That's got to be a smokin boat. What kind of top end would you be looking at? I'm guessing at least 40mph...and sitting a foot off the water has got to be a rush that lasts a good 4-5 hours after getting home.

I would love to see a video of that boat running if you indeed put it together. Anyone else that has a boat rigged with a 40...put up a video for all of us to see.


----------



## Guest (Sep 25, 2007)

> That's got to be a smokin boat.  What kind of top end would you be looking at?  I'm guessing at least 40mph...and sitting a foot off the water has got to be a rush that lasts a good 4-5 hours after getting home.
> 
> I would love to see a video of that boat running if you indeed put it together.  Anyone else that has a boat rigged with a 40...put up a video for all of us to see.


look at other tread.....i just posted pics......u know where....for a video.....i dont know how to post it lol..


----------



## GeorgiaSkiff (Sep 24, 2007)

Whitesnook...you lost me.

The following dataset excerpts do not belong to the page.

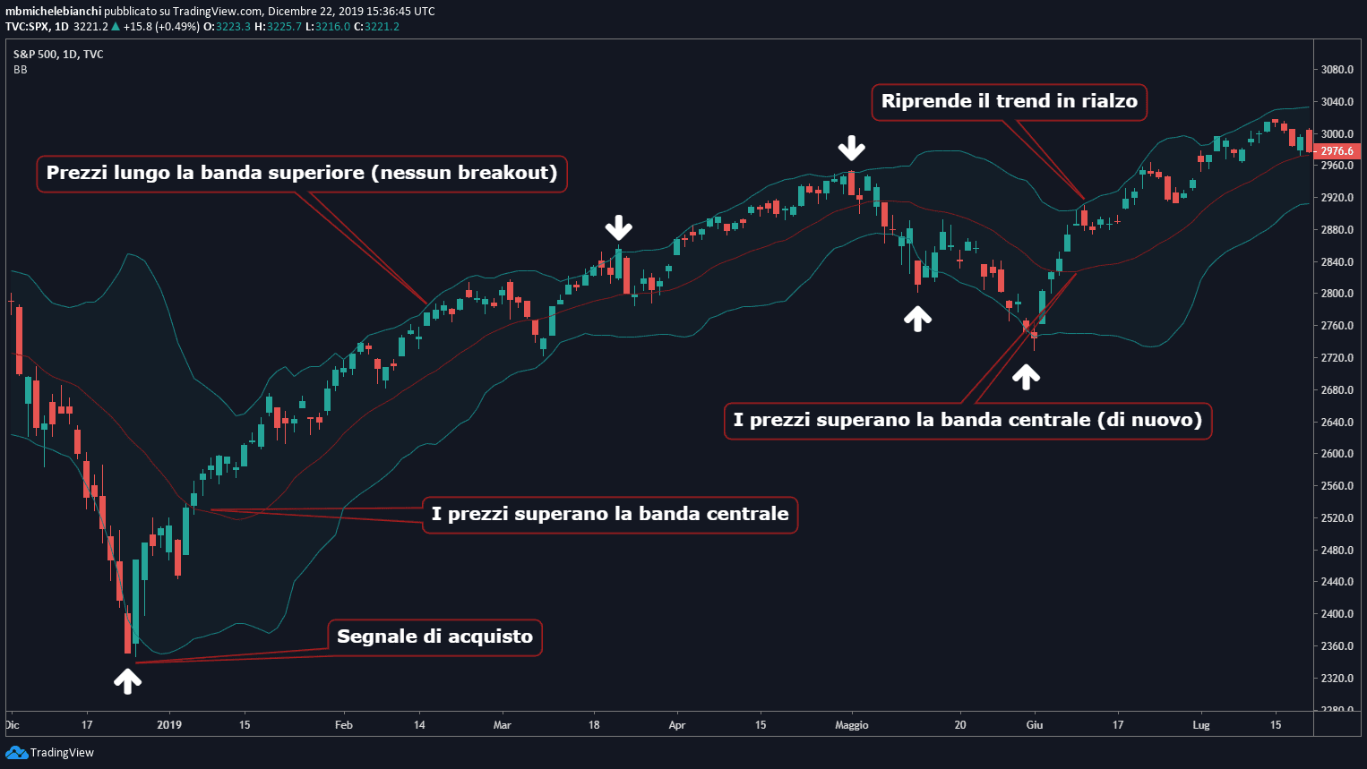 Un trader più aggressivo invece potrebbe decidere di mantenere la posizione aperta dato che i prezzi non sono scesi al di sotto della linea centrale delle bande di Bollinger dopo la rottura in rialzo. Infatti i prezzi si mantengono al di sopra della linea confermando l'aspettativa che il trend rialzista sia ancora in atto.
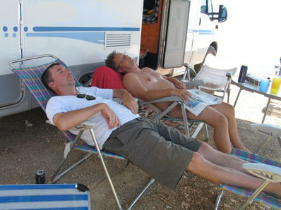 Teden je minil kot blisk. V petek zvečer smo prenočili na istem parkingu kot prejšnji vikend. Le da je bil tokrat en kamper več - Maja in Marko sta prišla naravnost iz Bosne. Vreme je bilo spet krasno, napoved za nedeljo pa ........ upajmo, da se ne uresniči. Takole sta se punci razgibavali, da sta se potem lažje vesti "basali".
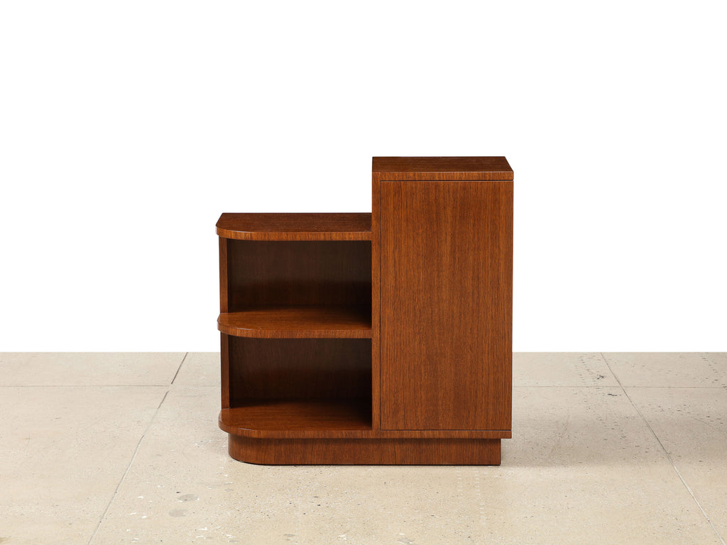 USA | 1936 Bog Oak, brass hinge. One side has a door with an adjustable shelf inside and the other has three open, curved shelves.
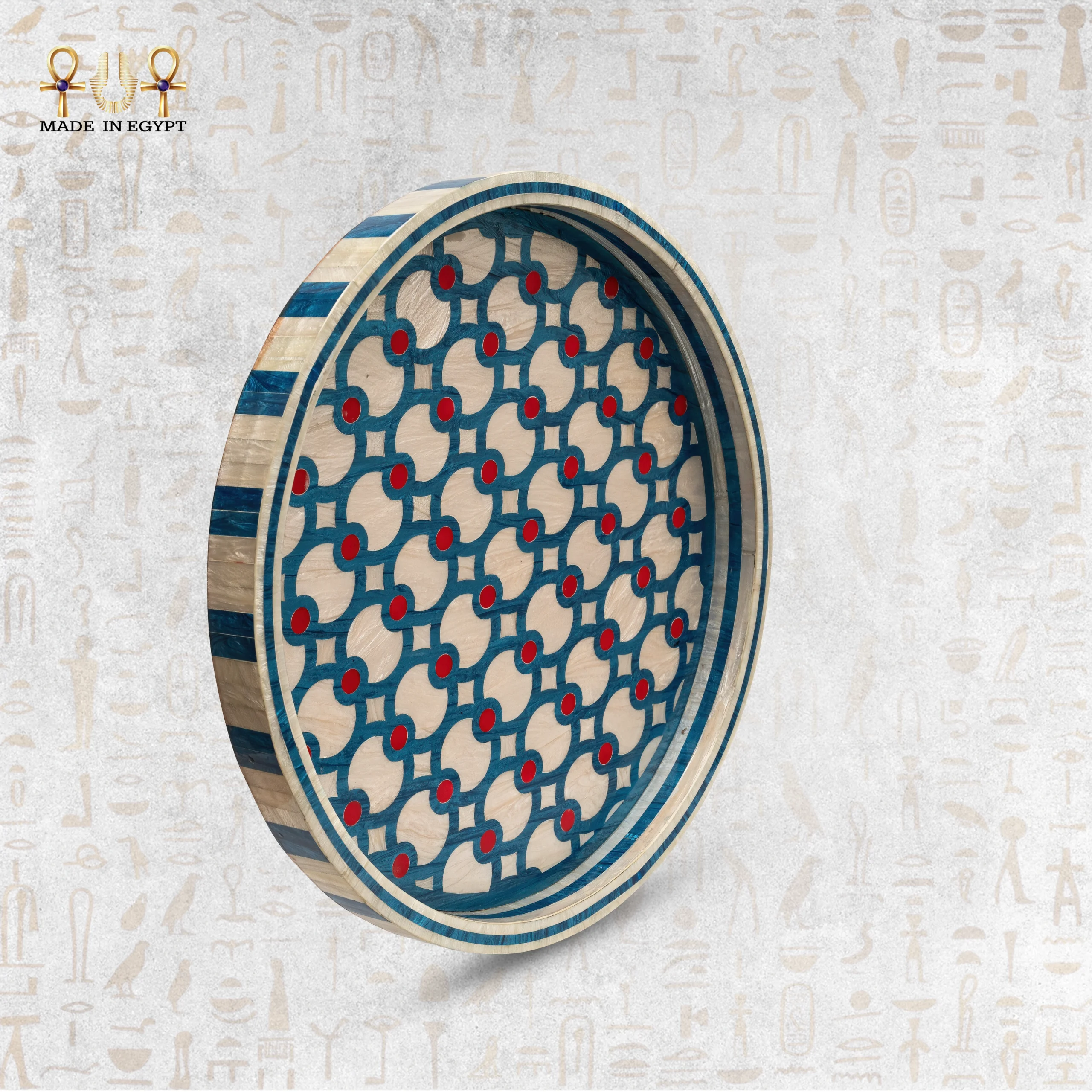A handcrafted round serving tray made of wood and inlaid with synthetic mother-of-pearl in elegant artistic patterns. A premium, labor-intensive piece ideal for serving or home décor.

What thread for the pics? Are you talking about the Fishgazam boat with the Nissan 40?


----------



## Guest (Sep 26, 2007)

> Whitesnook...you lost me. What thread for the pics? Are you talking about the Fishgazam boat with the Nissan 40?

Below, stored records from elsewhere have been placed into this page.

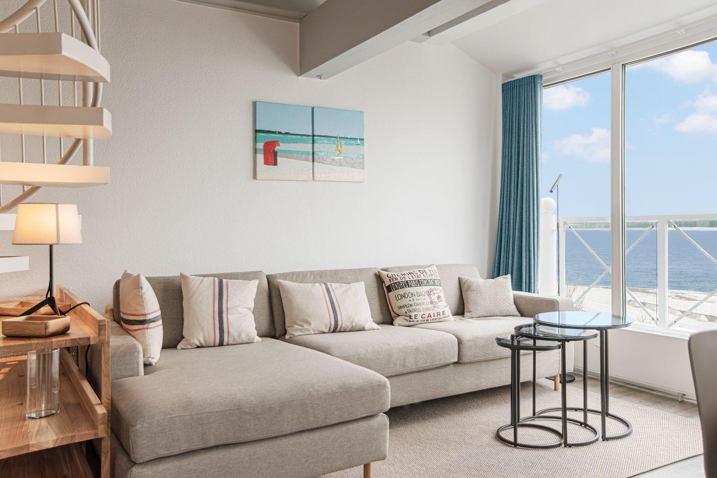 Das Appartement 26 liegt in 1. Reihe direkt an der Strandpromenade Laboe mit Panorama Blick auf die Kieler Förde, den Hafen, den Strand und die Ostsee.
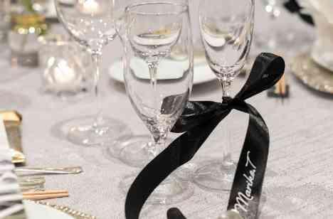 席札にもこだわってくださったおふたり。席札をリボンにしてご作成いただき、前日におふたりと3人でゲストのシャンパングラスに1つずつ括り付けました。当日のお写真をみてもとてもかわいらしく映えており、ゲストの方々もたくさんお写真を撮ってくださいました。人数が80名いらっしゃる中で思いを込めてくくったリボン、ゲストの方々にも思いが伝わったようです。
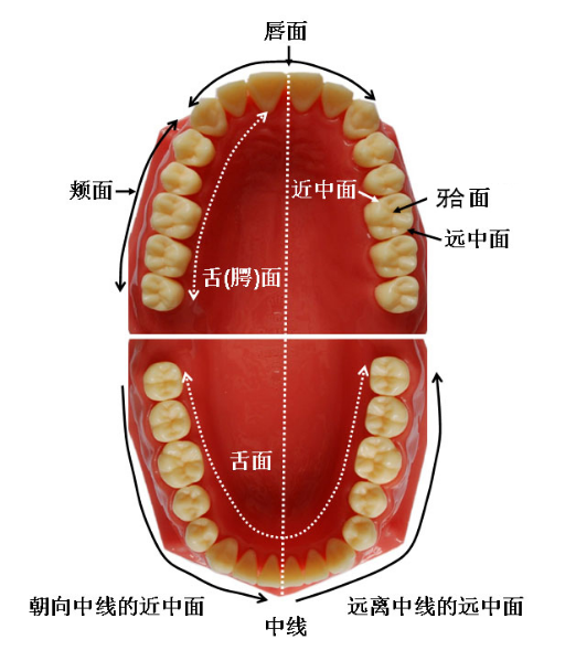 - 舌面:不区分前后牙,靠近舌头的一面。
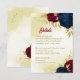 Beautiful wedding reception details enclosure card featuring dark navy blue and red flowers and gold leaves .
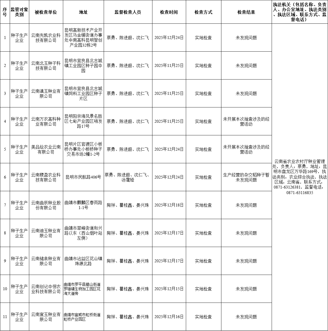 云南省农业农村厅2025年种子监督检查“双随机、一公开”抽查结果公示

Yes, sorry for confused you.......I'm talking about fishgazam's boat and also I have more pictures of other gheenoes with 40 and 50's on it.....I had a 40 on my classic but can't find the pictures!!!!! To post it on the thread.............


----------



## White_Lightning (Dec 15, 2006)

GeorgiaSkiff,

To maybe clear some things up, the Gheenoe Classic was originally used by mostly bass fishermen up until a few years ago when the microskiff craze hit. As most bass fishermen think the faster they get there the better, we started putting larger motors on these boats back in the 80's. I am sure that there is faster one's out there than mine, but they have not been "GPS'ed" in any organized fashion that I am aware of. The speed measurement came about at the first "Big Gheenoe Rally." There was one person who rode in the boats and was appointed the official speed keeper. At the time, my boat was the fastest. It is the classic model with a 40 Johnson on the back. It registered around 37.5 mph with two of us in the boat. I have played with it by myself and got 41.1 out of it. I also have a full deck center console model classic with a 50 Yammee on it that will run just under 38mph. I have had a 40 or larger on my classics since 1990. The boat will handle it but only after you get used to it. I would not reccommend someone putting that many HP'S on the back for their very first Gheenoe. Build up to it and learn the feel of the boat and then it should be OK.

Zane

If you have any questions, contact me and I will be glad to help. Good luck finding your dream microskiff.


----------



## tom_in_orl (Dec 9, 2006)

A senior statesman of the 40 HP and above club has spoken.

[smiley=z-respect.gif]


----------



## swampfox (May 9, 2007)

I JUST MOVED FROM TITUSVILLE TO COLUMBIA ,SC AND HAVE A MAKO 1550 INSHORE TECH SKIFF, GOOD BOAT REAL SKINNY AND SILENT CC W/60 MERC BOUGHT NEW IN 06. I'M THINKING ABOUT SELLING FOR WELL UNDER YOUR BUDGET. FOR ALL YOU T-VILLE GUYS I FISHED BEHIND THE CLINKERS AT THE BEACON RAMP RIGHT ALONG WITH THOSE BIG$$ MONEY HBS and GORDONS. NOT EXACTLY A MICRO SKIFF HULL WT 600# NOT TOO BIG, BUT A GOOD BOAT FOR UNDER 10K.(ROB FORDICE WON THE GOLD CUP IN THE 17' VERSION) AND WILL LET YOU GET OUT ALLITLE FARTHER. JUST THROWING IT OUTHERE THIS NOT A OFFICIAL FOR SALE AD YET. IF I DO DECIDE TO SELL WILL POST IN THE CLASSIFIEDS HERE FIRST IF ANYONE IS INTERSTED LET ME KNOW.


----------



## reelgator (Aug 15, 2007)

I spent all day yesterday on Hartwell on a classic powered w/40hp Nissan.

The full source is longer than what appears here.